The ascending nociceptive (pain) pathway begins with A-delta and C-fibers whose free nerve endings bring nociceptive information from the periphery to the spinal cord (see Fig. 40.1 ). In the spinal cord, these fibers synapse in the dorsal horn on projection neurons that travel through the anterolateral fasciculus and synapse at multiple sites in the brainstem, including the nucleus of the tractus solitarius in the medulla. The autonomic response to a nociceptive stimulus is initiated from the nucleus of the tractus solitarius, which mediates sympathetic output through the rostral ventral lateral medulla and the caudal ventral lateral medulla to the heart and peripheral blood vessels through projections to the thoracolumbar sympathetic ganglia. The parasympathetic output from the nucleus of the tractus solitarius is mediated through the nucleus ambiguous, which projects through the vagus nerve to the sinoatrial node of the heart. The nucleus of the tractus solitarius also projects to the periventricular nucleus and supraoptic nucleus in the hypothalamus. Thus the nociceptive stimulus of moving the retractor initiates an increase in sympathetic output and a decrease in parasympathetic output through the NMA circuit that rapidly results in the observed increases in heart rate and arterial blood pressure.

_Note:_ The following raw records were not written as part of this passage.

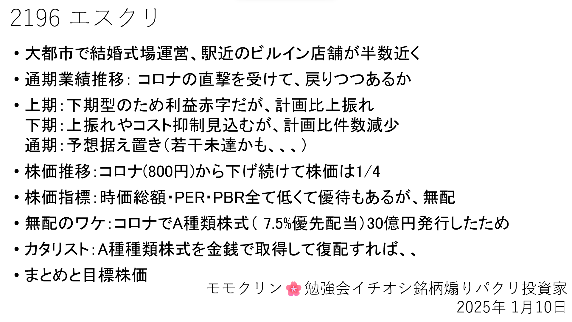 2倍株で出したシナリオでA種種類株式買い取りと復配の期待としたところ、種類株の買い取りはあり得ても復配までは欲張り過ぎとありがたいご指摘を頂戴してました。ところが昨日三井住友ファイナンスリースからティーケーピーが買い取りという予想外の展開がありました。背景で、ティーケーピーと資本業務提携契約しており法人顧客を当社施設へ送客いただくことによる宴会利用等の平日稼働率向上やティーケーピーの新規出店・改装工事を受託するなど、業務提携の成果を挙げて良好な関係性を両社と築いてまいりましたが、ティーケーピーとの業務提携を更に進化させることに加え、今後の当社の中長期的な経営基盤の安定を企図すべく、と触れられてます。この先何か良さげなことがありそうなと期待。優待枠保有から増やしておきたいと考えてます。140120250110549579.pdf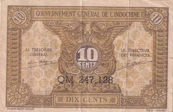 Home > > French Indo-China 10 Cents - Brown - ND (1942) - Serial QM - P.89a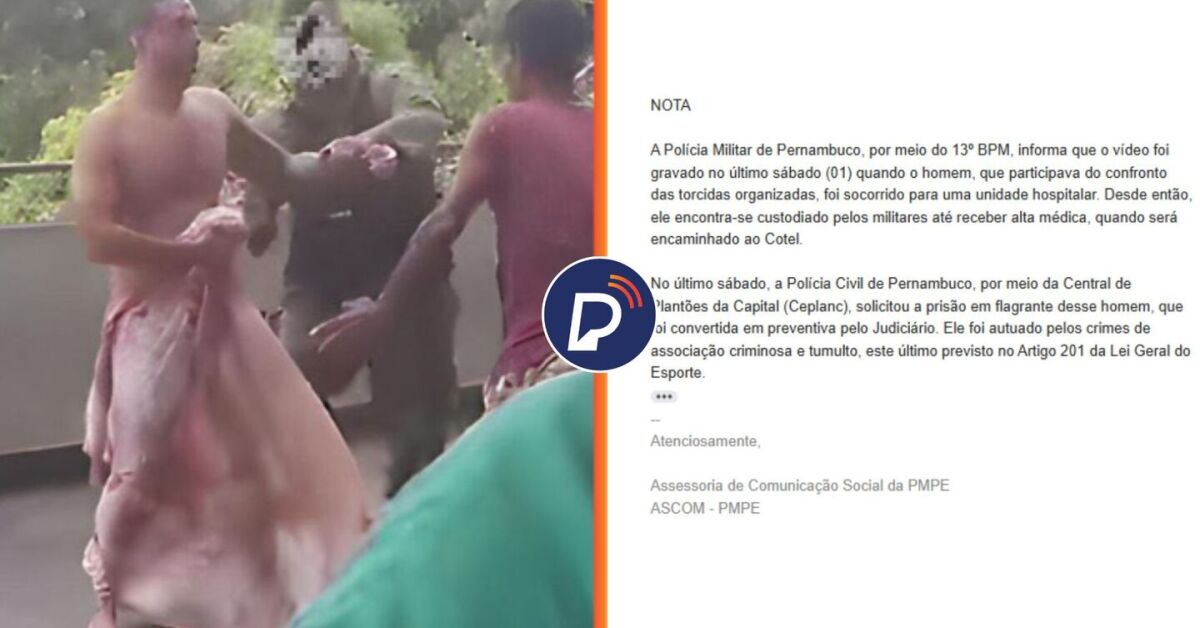 "A Polícia Militar de Pernambuco, por meio do 13º BPM, informa que o vídeo foi gravado no último sábado (01) quando o homem, que participava do confronto das torcidas organizadas, foi socorrido para uma unidade hospitalar. Desde então, ele encontra-se custodiado pelos militares até receber alta médica, quando será encaminhado ao Cotel.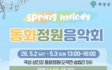 보성 정승희 기자2026. 04.08[나이스데이]전남 곡성군은 오는 5월 2일부터 5월 3일까지 2일간 곡성읍 묘천리 일원에 조성된 동화정원에서 ‘봄의 멜로디’ 음악회를 개최한다고 8일 밝혔다. 이번 음악회는 오후 1시부터 4시까지 진행되며 봄의 정취가 가득한 정원 속에서 음악과 체험, 휴식을 함께 즐길 수 있는 복합문화 프로그램으로 운영된다. 동화정원은 지난해 가을 황화코스모스가 장관을 이루며 인생사진 명소로 떠오른 곳으로, SNS를 통한 자발적 홍보로 많은 관광객의 발길을 이끌었다. 올 봄에는 초록빛 밀밭을 비롯해 수레국화, 양귀비, 안개꽃 등이 어우러져 …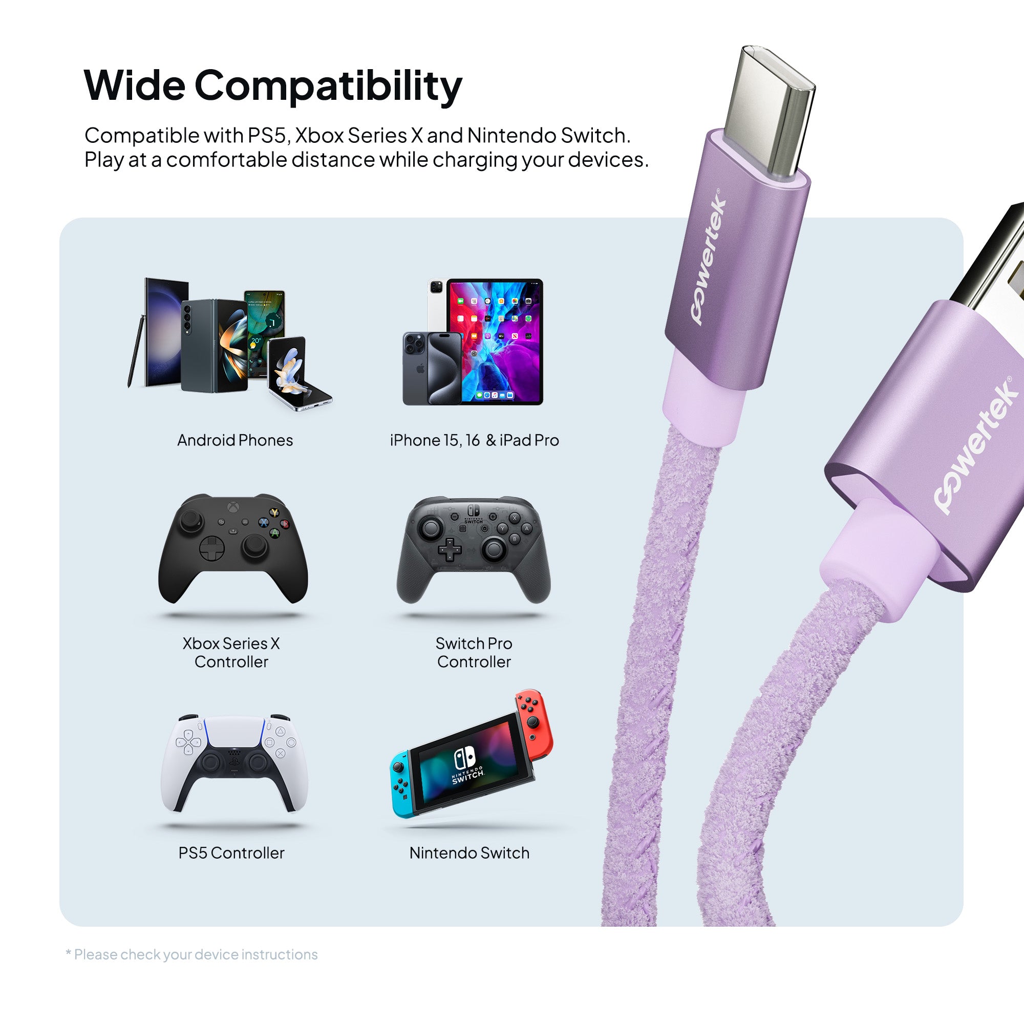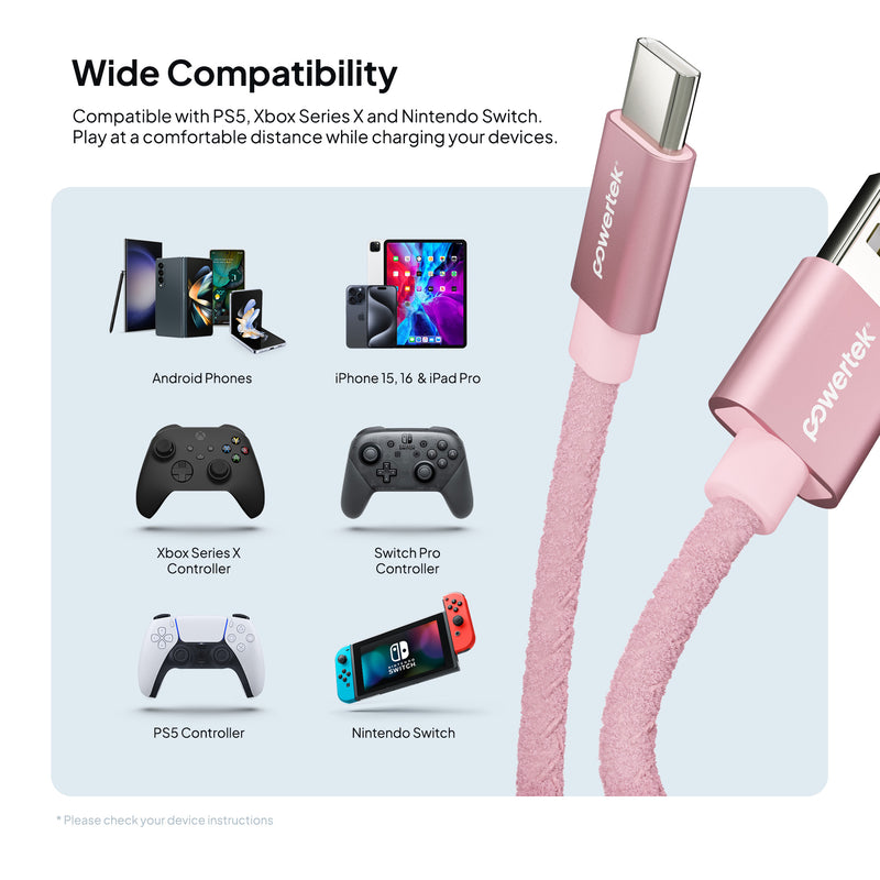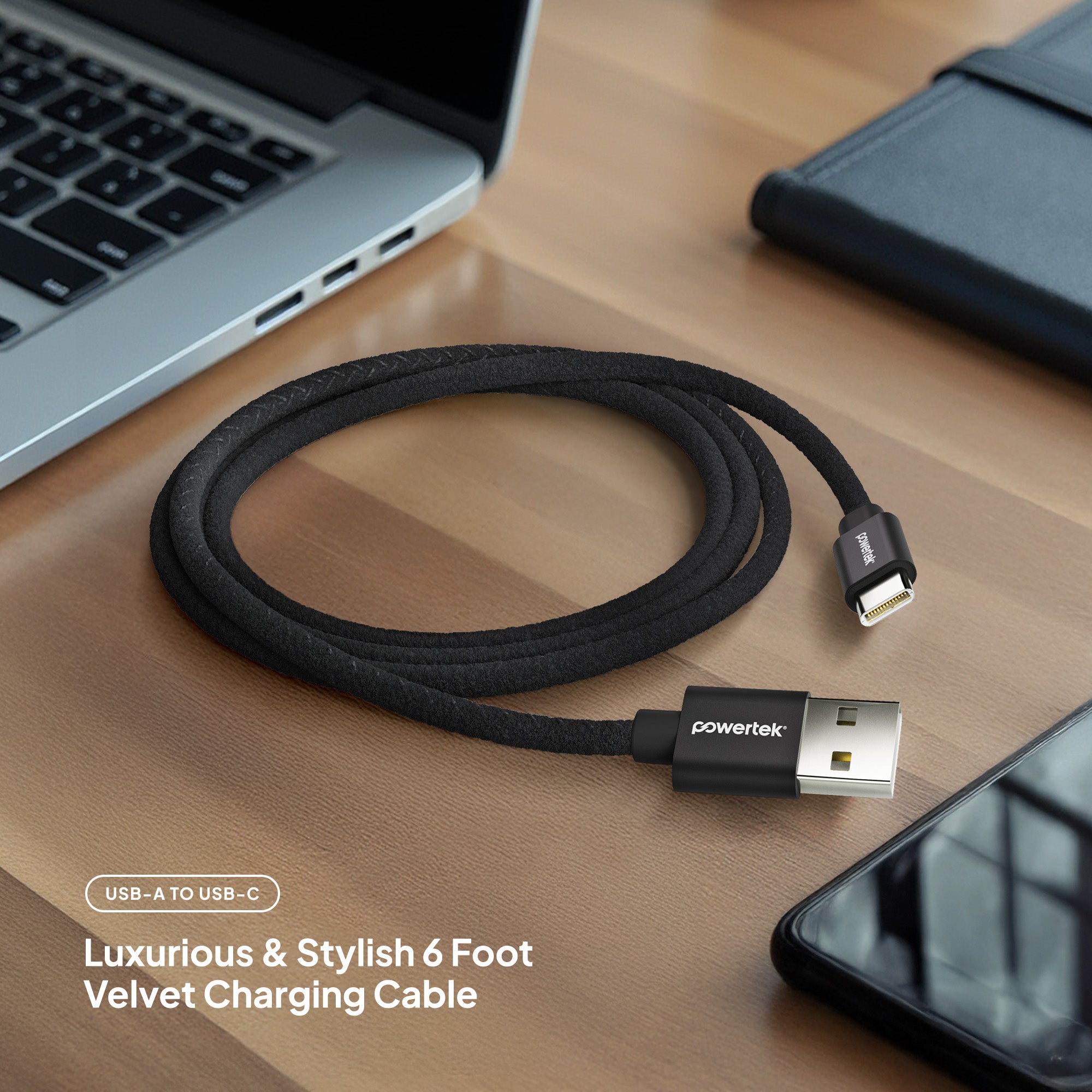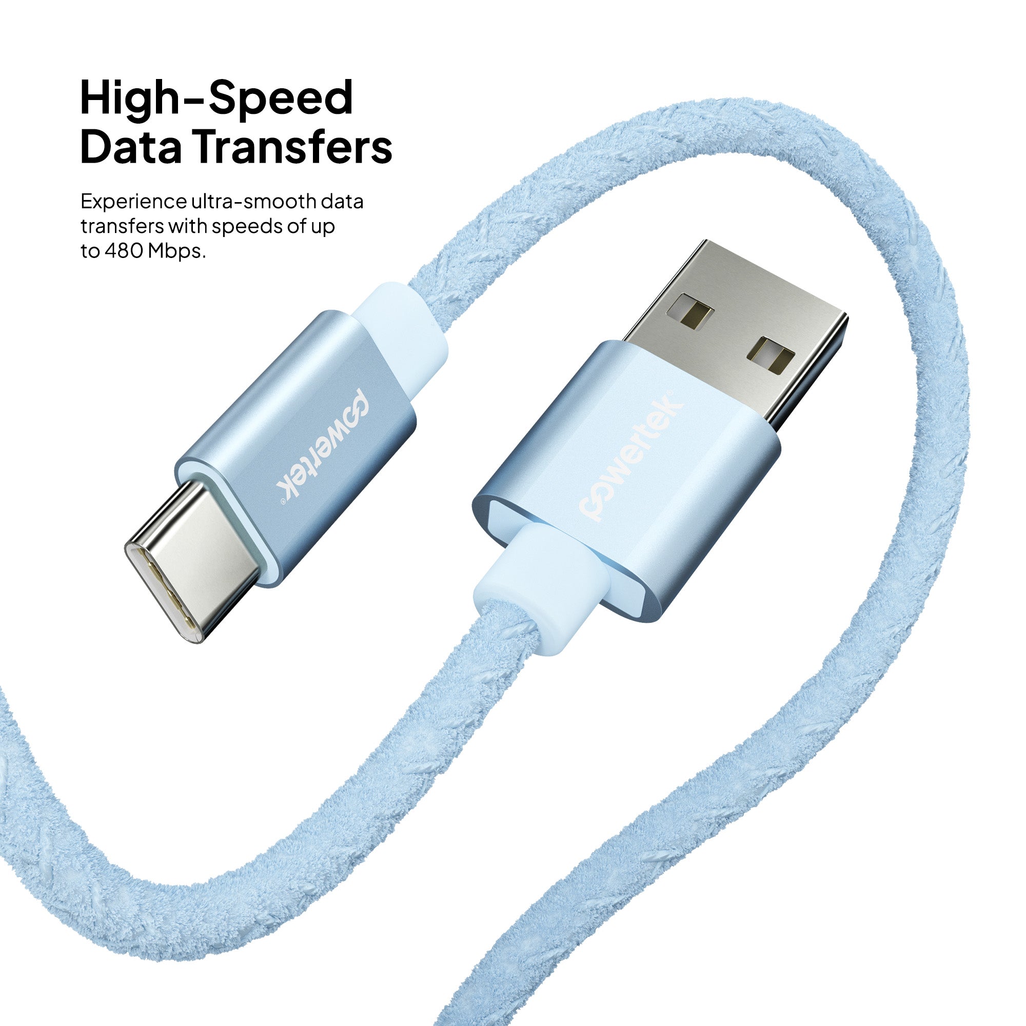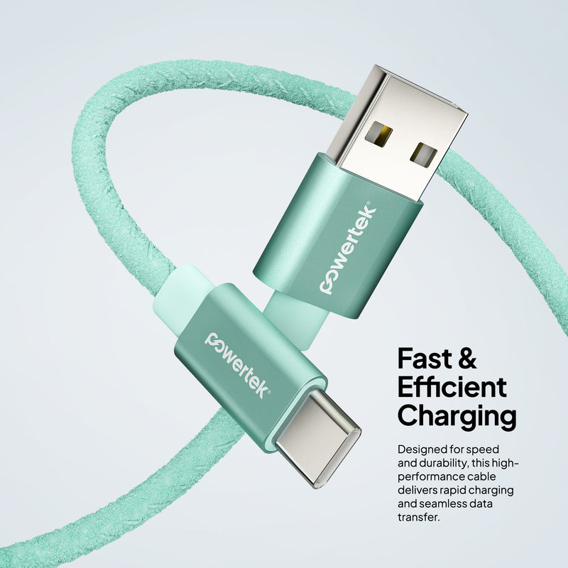 Upgrade your everyday charging experience with the Powertek Pastel Velvet USB-A to USB-C cable. Built for long-lasting performance, this premium 6-foot cable features a luxurious velvet design and high-quality USB-C chips for reliable, fast charging every time. Available in six stylish colors, so you can pick the perfect match for your phone case or personal style.

The NMA circuit explains why increases in heart rate and arterial blood pressure are used as a rapid indicator of an inadequate level of antinociception. If unconsciousness is sufficiently well maintained, then no EEG changes will likely be observed. If no acute changes in physiology occur for other reasons, such as bleeding, hypoxemia, disconnection of the breathing circuit, or inadequate dosing of the muscle relaxant, the appropriate treatment is administration of more analgesic medication.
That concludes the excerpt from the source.